In response to questions from Spotlight, SAHPRA indicated that progress has been made since the October presentation to Parliament and that only 25 positions now remain unfunded.


SAHPRA indicated that funding has been secured to fill previously unfunded positions through fee-generated income, from the Global Fund (via the Department of Health), and through securing approval from National Treasury to run on a budget deficit based on prior accumulated revenue surpluses.


SAHPRA also told Spotlight that funding has been secured from Germany’s development agency (GiZ GmBH) and the UK Department of International Trade to support its planned digitisation efforts, and that additional funding proposals for these efforts were going out.


Another important development at SAHPRA, announced earlier this month, was the clearance of the regulatory backlog inherited from the MCC. When SAHPRA, took over from the MCC, it inherited around 16,000 regulatory applications dating back to 1992.


SAHPRA, developed a plan and raised funding for a dedicated budget and staff to clear the inherited backlog. The backlog clearance project was launched in August 2019 and, on 2 December 2022, SAHPRA announced that the backlog had been fully cleared.

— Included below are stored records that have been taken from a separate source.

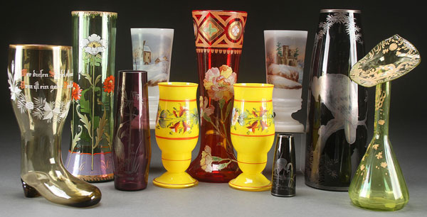 ELEVEN PIECE GROUP CZECH ENAMELED VASES, 19TH/20TH CENTURY. Including a large floral decorated cranberry glass vase, a large stylized floral green panel glass vase, a foliate enameled drinking boot with motto, an enameled jack vase, three black glass and silver decorated vases, and other items. The largest height 14.25 inches (36 cm).
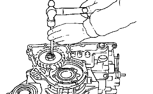 b. Unlock idler gear lock nut using a pin punch.
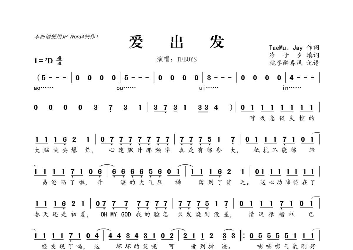 爱出发简谱 - TFBOYS演唱
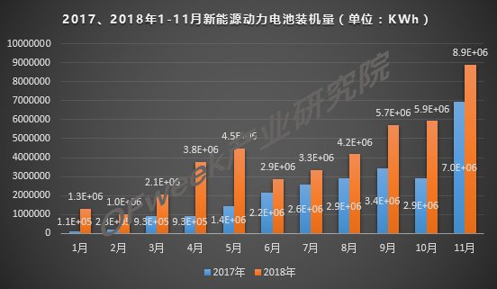 中國粉體網(wǎng)訊 新能源汽車強(qiáng)勁的增長勢(shì)頭帶動(dòng)動(dòng)力電池產(chǎn)業(yè)的持續(xù)高漲,OFweek產(chǎn)業(yè)研究院分析數(shù)據(jù)顯示,2018年11月,我國新能源汽車動(dòng)力電池裝機(jī)量約8.91GWh,環(huán)比增長50.16%,同比增長28.14%,2018年1-11月累計(jì)裝機(jī)量約為43.59Wh。
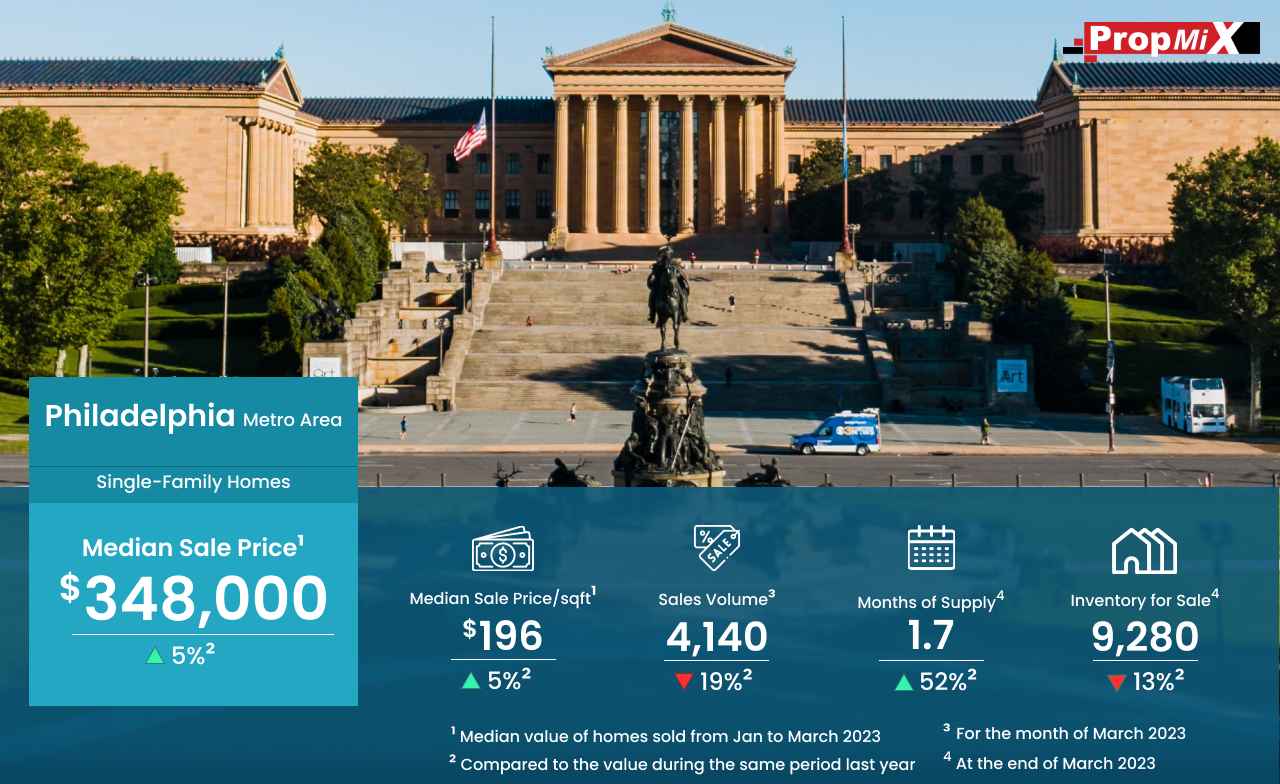 Philadelphia Metro Area Sees 5% Increase in Median Sale Price in March 2023 04/03/2023 PropMix Data Analytics Team Market Insights 0 In Philadelphia metro area, the median sale price has increased to a value of $348,000 during January to March 2023, with a rise of 5% year-over-year. At the same time, inventory for sale in March 2023 has gone down by 13%, when compared to the same peiod last year and having a value of 9,280. Learn more about the metrics in PropMix Market Insights.
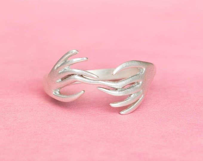 Sterling Silver Antler Ring, Adjustable Open Band, Nature Jewelry
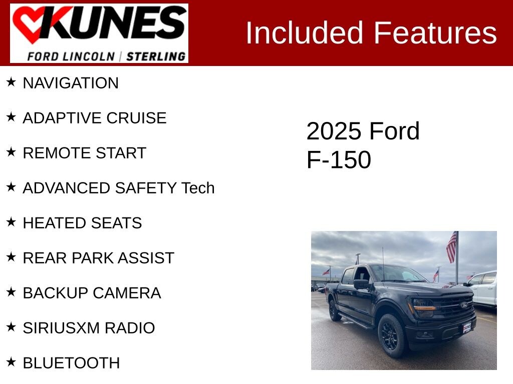 Agate Black Metallic 2025 Ford F-150 XLT NAVIGATION, ADAPTIVE CRUISE, REMOTE START, ADVANCED SAFETY Tech, HEATED SEATS, REAR PARK ASSIST, BACKUP CAMERA, SIRIUSXM RADIO, BLUETOOTH, F-150 XLT, 4D SuperCrew, 5.0L V8, 10-Speed Automatic, 4WD, Agate Black Metallic, Black Cloth, Equipment Group 302A Mid.
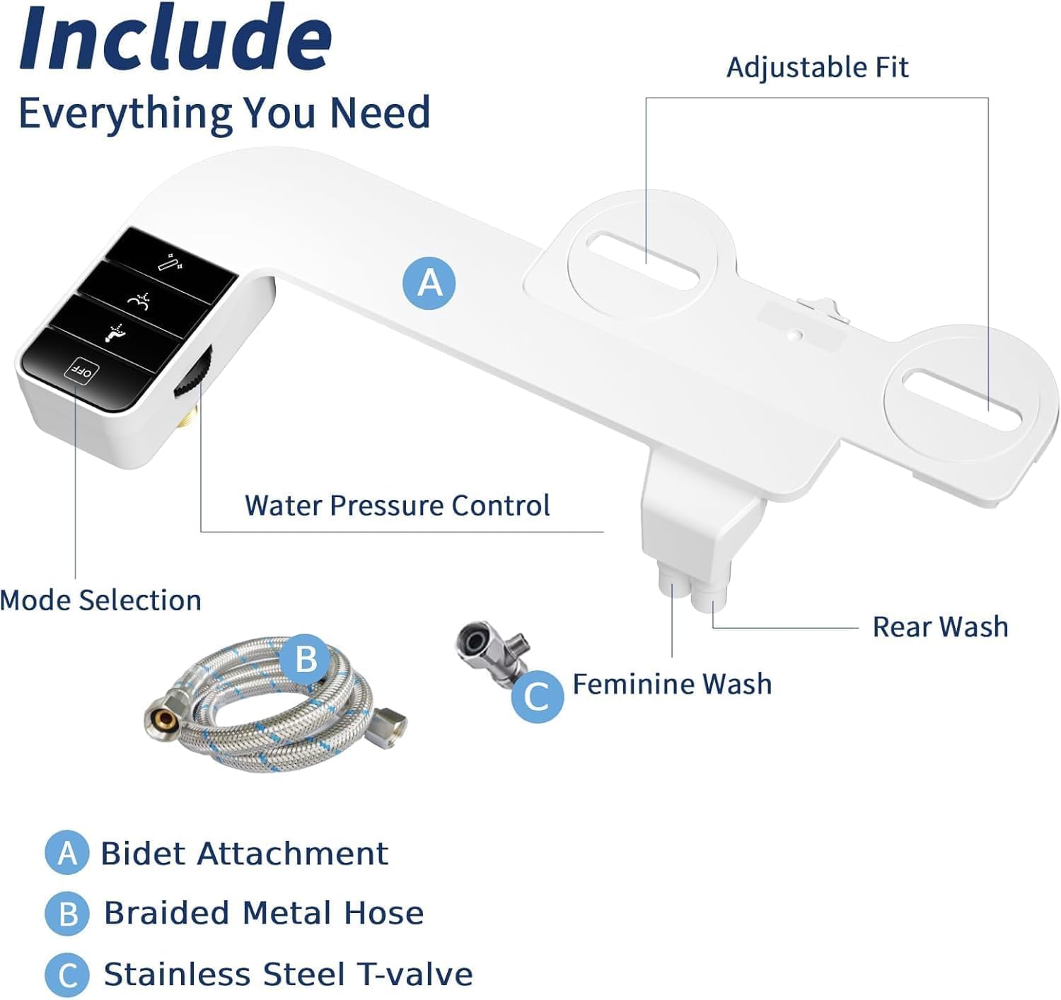 Easy and Quick Installation: Compatible with most toilets. Simply unscrew the toilet seat, then install the bidet attachment, and finally attach the toilet seat and tighten, easily fits into a standard two-piece toilet in minutes, and you're ready to go. Simple and detailed installation instructions for the bidet attachment are provided for you.
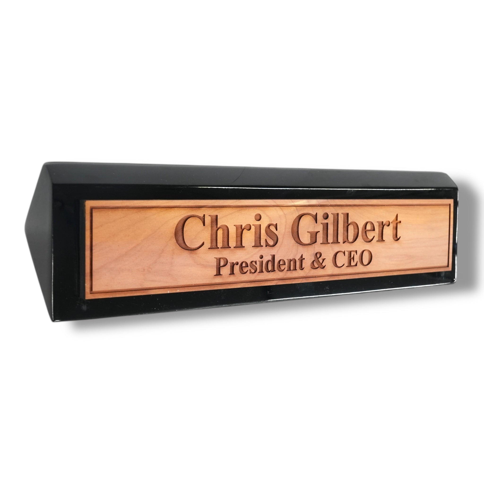 Our Desk Wedge CEDAR Name Plate combines personalized titles and styles with a sleek 11-inch length, available in black piano finish, rosewood piano finish, and solid walnut. Expertly crafted, its wedge design ensures optimal visibility and adds a sophisticated touch to any professional workspace. Made from high-quality materials, this name plate offers durability and elegance, making it an ideal choice for executives and professionals seeking a distinguished desk accessory.
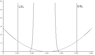 Fig. 11 shows the graph of the distribution of the hardness variable with the optimal values obtained in superposition with the loss function. It can be seen that the area of the distribution that exceeds the specification limits is the minimum possible under the experimental conditions.
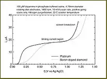 Potential sweep reversals as used in cyclic voltammetry are different for a RDE system, since the products of the potential sweep are continually swept away from the electrode. A reversal would produce a similar i-E curve, which would closely match the forward scan, except for capacitive charging current. A RDE cannot be used to observe the behavior of the electrode reaction products, since they are continually swept away from the electrode. However, the rotating ring-disk electrode is well suited to investigate this further reactivity. The peak current in a cyclic voltammogram for a RDE is a plateau like region, governed by the Levich equation. The limiting current is typically much higher than the peak current of a stationary electrode, being that the mass transport of reactants is actively stimulated by the rotating disk, and not just governed by diffusion, as is the case for a stationary electrode. Any rotating disk electrode can, of course, also be used as a stationary electrode by using it with the rotator turned off.
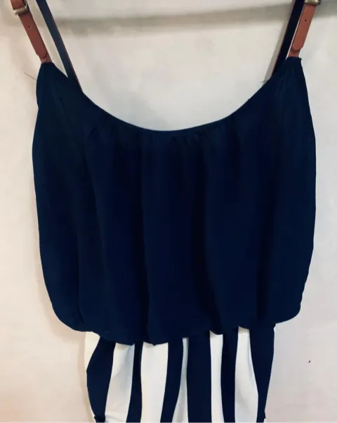 Padrisimo jumpsuit rayas con tirantes en tipo piel ajustables, en perfecto estado sin detalles. Puede dar hasta talla M ya que el elástico de a medias estira.
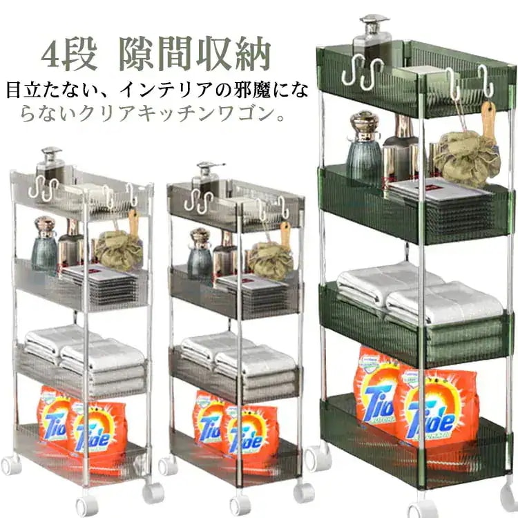 キッチンワゴン クリア ラック キャスター付き 4段 ワイズ 20cm 隙間収納 すき間 透明 キッチンラック 洗面所 ツールワゴン 収納ワゴン 収納ラック 棚 キッチンカート リビン
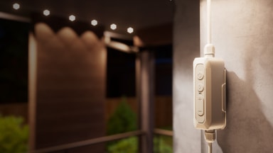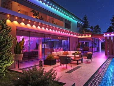 Detta 15 m kit innehåller 30 individuellt adresserbara LED-puckar och kan förlängas upp till 45 m med expansionspaket. Det inkluderar även flera förlängningskablar och skarvdon för flexibel placering över olika utomhusområden.

Dr Nicholas Crisp, Deputy Director-General for National Health Insurance at the Department of Health, called clearance of the backlog “a milestone for SAHPRA”, while Stavros Nicolaou, chairperson of the Pharmaceutical Task Group (PTG), said the PTG “welcomes this development and congratulates the SAHPRA board and management in achieving the significant clearing of the registration backlog that has historically hampered the MCC”.


The most exciting development at SAHPRA in 2022 was the achievement of a maturity level 3 ranking for vaccines regulation from the World Health Organization (WHO).


The WHO uses a ranking system ranging from one (the lowest) to four (the highest) to rank the maturity and effectiveness of health products regulatory organisations in meeting their mandates to ensure that health products are safe and effective.


Following an initial 2021 and subsequent 2022 assessment of SAHPRA by the WHO, the regulator announced in October 2022 that it had received WHO maturity level 3 (ML3) ranking for vaccine regulation and maturity level 4 (ML4) status for vaccine lot release.


Only five health product regulatory authorities on the African continent have received a maturity level 3 designation from the WHO. South Africa and Egypt have received this designation for vaccine regulation, while Ghana, Tanzania and Nigeria have achieved this status for medicine regulation.


Only South Africa has received a maturity level 4 ranking for lot release, which involves evaluating batches of vaccines before they are released for use in the country. All batches of vaccines used in South Africa must be evaluated at the national control laboratory in Bloemfontein prior to their use.

SAHPRA has also become more transparent and improved its communications in recent years, most notably with a searchable database of registered products, but here too, there remains some way to go, especially on the reasoning and evidence behind regulatory decisions.


Much also remains to be done by the regulator to address areas for which regulatory systems must still be developed and strengthened, including complementary products and medical devices and addressing its organisational weaknesses (i.e. lacking digital systems and skills).